With that as your standard, choose the behaviors that will help fine tune the instrument. Build new habits that get you closer to feeling healthy. Always winded on stairs? Try walking more often and longer. Feeling sluggish? Eat more iron and less fried food. Whatever you do, measure success by the boost in your energy, not the fit of your jeans. Healthier living might yield visible physical changes or they might not and that’s ok; as long as your body serves you well, it’s a body to be proud of.

For your mental health, work on strengthening your self-esteem. Turn away from the mirror for a moment and consider what you do well, what your strengths are, and which attributes friends or family would say best represent you. Focus on these things — the elements of you that are singular — and foreground them in your sense of self-worth.

Changing your mindset extends to your interactions with others. When someone says something that feeds body negativity (to you or anyone else), remind yourself that their attitude is unhealthy; if this is a regular behavior on their part, consider whether you need to (or can) limit your exposure to them. And any time you realize you are the one criticizing someone’s appearance, check yourself: are you replicating the injury for others?

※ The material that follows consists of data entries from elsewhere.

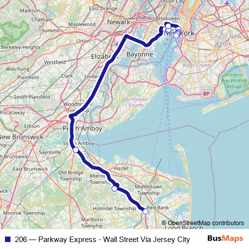 The first stop of the 206 bus route is Lincroft Park & Ride, Gsp Exit 109 and the last stop is New York - Broadway @ Exchange Pl (Northbound). 206 (Parkway Express - Wall Street Via Jersey City) is operational during everyday.
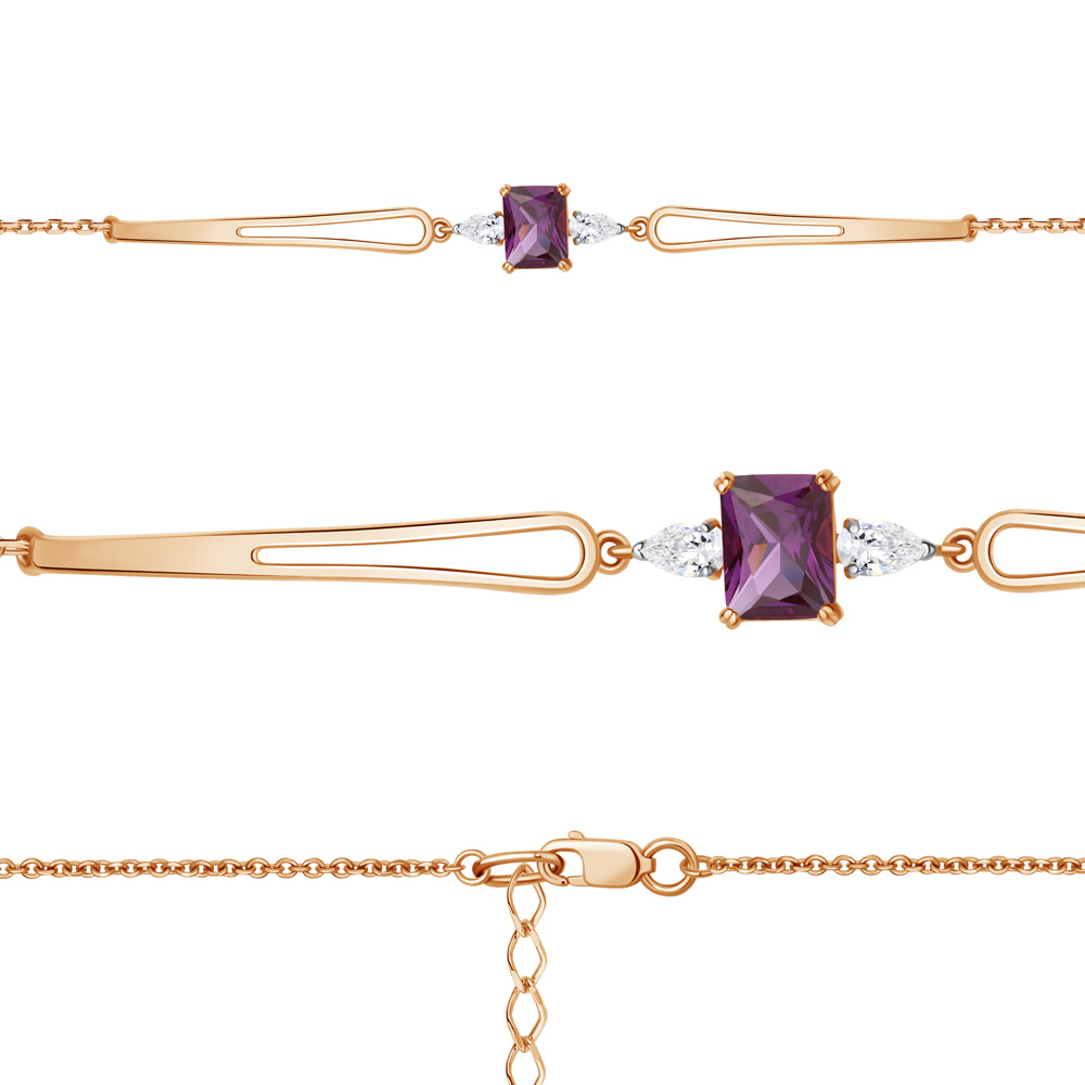 7476884 Браслет из Серебра с наноаметистом иск., фианитами
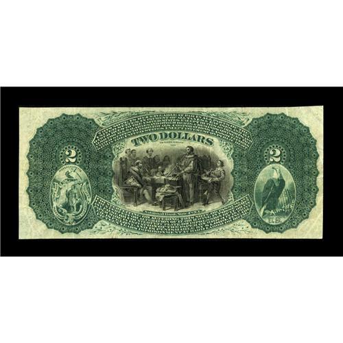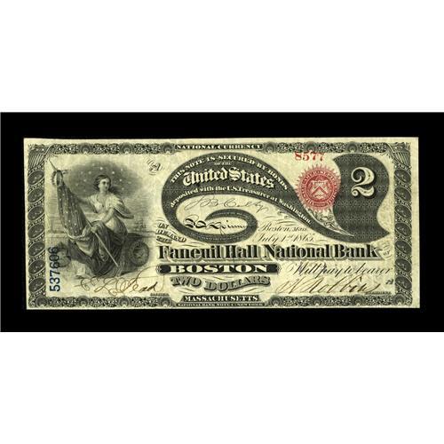 <B>Boston, MA</B></I> - $2 Original Fr. 387 <B>The Faneuil Hall NB</B></I> Ch. # 847<BR>This is a tougher Boston bank with a wonderfully evocative title. Although it issued through 1909, the only notes known from here are First Charters, with this piece one of only four Original Series Deuces recorded in the census, and by far the nicest. It is indeed a perfect type note, with far better margins than most of its brethren, bright colors, strong clear signatures, and the blue Treasury numbers which indicate its early printing status. <B>Very Fine,</B></I> a premium specimen.<BR><I>From The Bill and Kathy Stella Currency Collection</B></I><BR><BR><b>Shipping:</b> Coin/Currency (<a target="_blank" href="http://www.heritageauctions.com/common/shipping.php">view shipping information</a>)
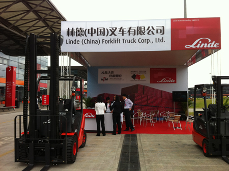 火红的6月林德(中国)闪亮亮相,参加了由德国慕尼黑国际博览集团、慕尼黑展览(上海)有限公司在上海国际博展中心举办的2012亚洲物流双年展(第五届中国国际物流、交通运输及远程信息处理博览会)。 林德(中国)在此次展会上展出了多款经典车型,包括2.5吨液化石油气叉车HT25TS,1.6吨电动叉车E16C和仓储系列的站驾式电动托盘搬运车T20SP。
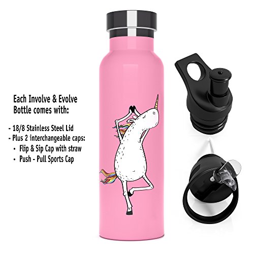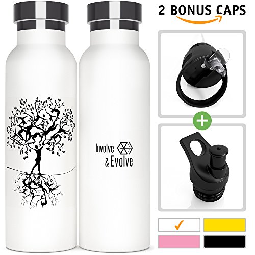 • EVERY SET INCLUDES: 1 Bottle + S/Steel Lid + Flip & Sip Cap with Straw + Push-Pull Cap.• Our thermal water bottles are made of food grade 18/8 stainless steel. Stainless steel water bottles are considered safer than aluminum or plastic ones. 304 stainless steel is a rust-resistant and neutral metal, so it will not leach toxic chemicals into your water or leave a metallic taste. Stainless steel is also free of compounds, such as BPA, PVC, cadmium, and lead.• Involve & Evolve cares about the environment. In production, we use eco-friendly materials. Also, we want to encourage you to use, reuse and eventually recycle our bottles. The 20oz water bottle holds enough of liquid to keep you hydrated during a bike ride, a day on a beach, at school or work. You can always refill the bottle and at the same time reduce plastic consumption.• This insulated water bottle with straw is multifunctional. The high-quality powder coating design makes the bottle suitable for all indoor and outdoor activities. To make the bottle easier to travel with, you can attach a carabiner to the sports lid and clip it to a bag or backpack. •Our black and white stainless steel water bottle is double walled. It works as a thermos and will allow maintaining the temperature of your hot, iced, or chilled drinks for many hours. The bottle will never get hot to the touch. Also, our vacuum insulated water bottle is sweat proof.• The art designs on the bottles (tree of life / running man) suit adults and teenagers, women and men. They are also a great gift idea. Even though they are not dishwasher safe, ice cube wide mouth opening makes it easy to clean.• We want you to LOVE your Involve & Evolve Bottle. If you are not satisfied for any reason you may return it for a refund with no questions asked within 90 days of receipt.Feature
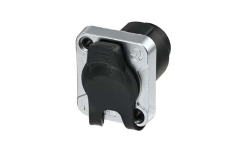 Female RJ45 receptacle with a front-mountable D-Size flange, IP65 rating (Chrome plated housing, RJ45 Feedthrough)
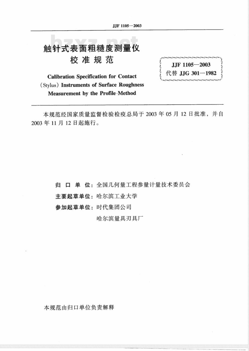 - JJF 1105-2003 触针式表面粗糙度测量仪校准规范

For instance, when you make the distinction that you’re not “fat fat,” you’re implicitly shaming those who weigh more, which feeds the same cycle that harms you. If this is how you see others, it’s likely that it shows. Be careful not to reveal that sentiment to your sister and brother, inadvertently starting them down the body-critical path. What they really need to see is you comfortable in your own skin, capitalizing on your gifts, and making the choices that lead to more ideal health in all regards.

A last thought: maybe forget the term body-positive for right now. (Maybe we all should.) Celebrating bodies “of all shapes and sizes” can still lead us to the mirror for validation, when what we really should be doing is focusing not on how we appear, but how we feel.

Swap out body positivity for self-positivity and focus on being the person you want your siblings to look up to.